Mark and recapture is a method commonly used in ecology to estimate an animal population’s size where it is impractical to count every individual. So what do we do ? we catch some animals, mark them, release them, and catch some again. In the second capture, there will be some marked animals and some unmarked (i.e., not seen before). The ratio gives you some information about the population size.

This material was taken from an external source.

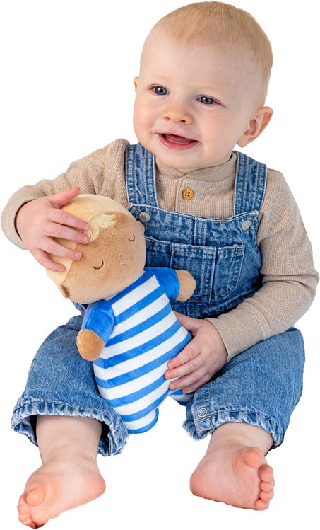 Baby shark, doo doo doo doo doo doo! This soft baby doll plush is a fin-tastic gift for summer newborns. An innovative spin on soft dolls, this snuggly friend comes swaddled in a removable shark-themed blanket. We love the tail fin closure, embroidered felt teeth, and extremely soft pastel blue and white material. The plush blonde baby doll is wearing a striped blue and white onesie, and is ready for hours of interactive play!

We’ll make these simplifying modeling assumptions:

• The population size is constant. Animals don’t leave or join the population between capture events.
• Every animal has an equal probability of being captured, and this probability is independent between capture events.
• The total number of animals captured in a given capture event does not depend on the total population size (apart from being upper-bounded by it). This assumption is actually false the animation above, but is often true in mark-and-recapture field work. Note, if the total number of animals captured at each stage did depend on the population size, the total number observed would give us further information about the population size.

# Belief Update 🤔#

We will use the information of each capture to update our belief on the population size. Bayes Theorem is the main part of this update. Let’s explain with a simple example. Imagine we thought that the population size is $pop=10$. we make our capture, and get 11 animals in our first try. bayesian belief update will update our belief using this rules: belief on $pop=10$ is multiplied by the likelihood of catching 11 animals if the $pop=10$. For our example the likelihood will be very low because capturing 11 if the population is 10 it is very unlikely (here impossible probability=0). This is exactly what we do for a range of prior population size. Then we normalize over all resulting value.

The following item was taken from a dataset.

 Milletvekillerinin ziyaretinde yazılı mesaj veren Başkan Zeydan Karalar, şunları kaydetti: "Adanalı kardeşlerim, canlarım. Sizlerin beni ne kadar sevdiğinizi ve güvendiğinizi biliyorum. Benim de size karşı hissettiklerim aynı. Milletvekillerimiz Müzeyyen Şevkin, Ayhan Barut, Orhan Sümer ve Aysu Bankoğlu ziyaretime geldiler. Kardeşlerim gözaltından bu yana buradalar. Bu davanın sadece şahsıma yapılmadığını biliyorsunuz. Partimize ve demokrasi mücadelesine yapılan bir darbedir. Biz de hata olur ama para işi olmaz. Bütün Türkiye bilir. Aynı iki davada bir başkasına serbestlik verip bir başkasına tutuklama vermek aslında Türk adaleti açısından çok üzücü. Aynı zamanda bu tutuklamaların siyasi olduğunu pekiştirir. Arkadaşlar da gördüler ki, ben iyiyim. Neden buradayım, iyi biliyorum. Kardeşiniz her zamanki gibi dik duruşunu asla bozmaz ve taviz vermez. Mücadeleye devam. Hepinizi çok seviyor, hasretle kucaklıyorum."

So, Bayesian Update is made as follow:

• Specify a prior distribution over hypotheses, in the absence of observational data.
• For a given hypothesis and observation, compute the likelihood, i.e., the probability of having made that observation.
• Re-normalize the posterior distribution, so that it sums to 1.
The maths behind 🧮 (don't be afraid it's simple)
$\small{\mathbb{P}(H \mid O) \propto \mathbb{P}(O \mid H) \mathbb{P}(O)}$

If we let O stand for an observation, and H for a hypothesis. In our case it will look like :

$\scriptsize{\mathbb{P}(X=pop \mid cap_{new}=k, cap_{already}=n) \propto \underbrace{\mathbb{P}(cap_{new}=k \mid X=k, cap_{already}=n)}_{\text{likelihood}} \underbrace{\mathbb{P}(X=pop \mid cap_{already}=n)}_{\text{prior}}}$

Where $cap_{new}$ is the number of new animals and $cap_{already}$ stand for the number of animals that we have already capture.

$\small{\mathbb{P}(cap_{new}=k \mid X=k, cap_{already}=n)}$ follow a hypergeometric distribution.